Nevada Organic Phosphate Announces Private Placement of up to $500,000
October 11, 2024 2:46 PM EDT | Source: Nevada Organic Phosphate Inc.
Vancouver, British Columbia--(Newsfile Corp. - October 11, 2024) - Nevada Organic Phosphate Inc. (CSE: NOP) ("NOP" or the "Company), a B.C. based company engaged in the exploration, in Nevada, for organic, sedimentary raw rock phosphate, is pleased to announce it intends to complete a non-brokered private placement (the "Offering") of up to 10,000,000 units (each, "Unit") at a price of $0.05 per Unit for aggregate gross proceeds of up to $500,000.
Each Unit will consist of one common share in the capital of the Company (each, a "Share") and one Share purchase warrant (each, a "Warrant"), with each Warrant entitling the holder thereof to purchase one additional Share (each, a "Warrant Share") at a price of $0.10 per Warrant Share for a period of sixty months following the date of issuance (the "Date of Issue"). Each Warrant will be subject to an acceleration provision providing that, if the volume weighted average price for the Company's common shares on the Canadian Securities Exchange (the "CSE", or such other exchange on which the common shares may be traded at such time) is equal to or greater than $0.25 for a period of ten (10) consecutive trading days at any time after the Date of Issue, the Company can accelerate the expiry date of the Warrants by disseminating a news release advising the holders of the acceleration and, in such case, the Warrants will expire on the thirtieth day after the date of such notice.
The aggregate proceeds of the Offering are anticipated to be used for advancement of the Company's Murdock Property and for general working capital. The Company may pay a finder's fee on a portion of the gross proceeds of the Offering. All securities issued in connection with the Offering are subject to a statutory hold period expiring four months and one day after the Date of Issue, as set out in National Instrument 45‐102 - Resale of Securities. The Offering remains subject to regulatory approval and the approval of the CSE.
The Company also wishes to announce that it has closed the private placement of units as detailed in its news releases dated March 18, 2024; June 6, 2024; July 23, 2024; August 20, 2024; and September 27, 2024, consisting of an aggregate of 7,480,000 units of the Company at a price of $0.05 per unit for gross aggregate proceeds of $374,000.

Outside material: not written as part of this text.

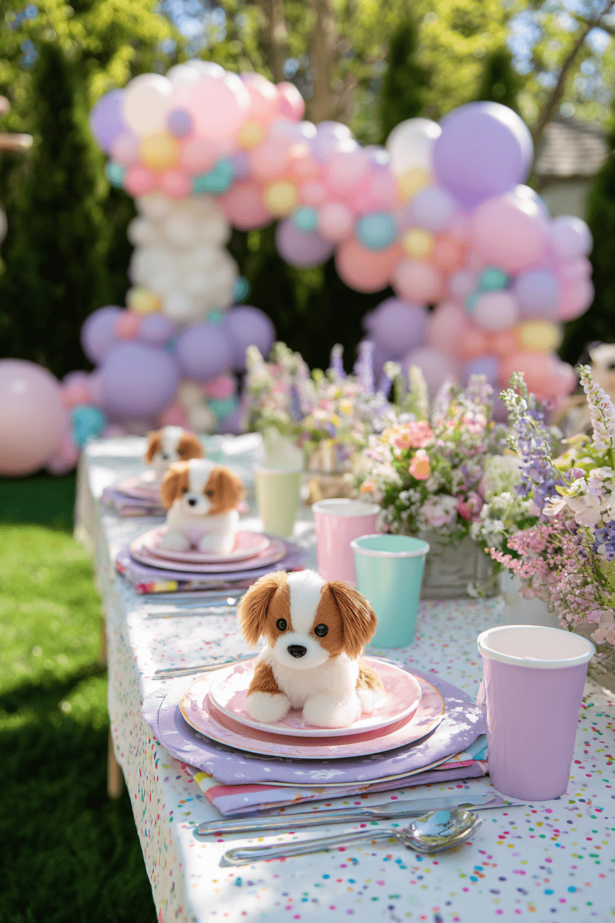 To recreate this tablescape, start with the confetti-print tablecloth — it sets the playful, festive tone immediately. Layer in your pink plates, alternating pastel cups, and silver cutlery, then place a small plush puppy at each setting. A simple mixed floral centerpiece in the party palette pulls everything together beautifully, and the balloon arch behind the table does the rest.

Nevada Organic Phosphate Inc.
NOP is a junior exploration company with a sedimentary rock phosphate property (the "Murdock Property") hosting a nearly flat lying sedimentary bed of known phosphate mineralization in NE Nevada.
The increasing interest in organic and sustainable agriculture practices has contributed to the demand for organic fertilizers, including those derived from rock phosphate. Organic rock phosphate is often marketed as a fertilizer that not only provides phosphorus but also contributes to overall soil health.
The Issuer aims to be one of the only certified organic rock phosphate producers with large scale potential in North America. The Murdock Property is situated adjacent to a main highway and the rail head to California.
Neither the Canadian Securities Exchange nor its regulations services providers have reviewed or accept responsibility for the adequacy or accuracy of this release.
This news release may contain forward-looking statements and information ("FLSI") within the meaning of applicable securities laws. FLSI may include expectations, anticipations, beliefs, opinions, plans, intentions, estimates, forecasts, projections, guidance or other similar statements and information that are not historical facts. All statements which are not historical statements are considered FLSI. Forward- looking statements in this press release include, but are not limited to, statements regarding the proposed Offering and the anticipated use of proceeds of the Offering. All FLSI is based on assumptions, which may prove inaccurate, and subject to certain risks and uncertainties, including without limitation those risks and uncertainties identified in the Company's public securities filings, which may cause actual events or results to differ materially from those indicated or implied in FLSI. Accordingly, readers should not place undue reliance or value on FLSI. Although the Company believes that the expectations reflected in any FLSI in this news release are reasonable at the present time, it can give no assurance that such FLSI will prove to be correct. Any FLSI in this news release is made as of the date hereof and the Company undertakes no obligations to publicly update or revise any FLSI, whether as a result of new information, future events or otherwise, unless required by applicable securities laws. Any FLSI in this news release is expressly qualified in its entirety by this cautionary statement.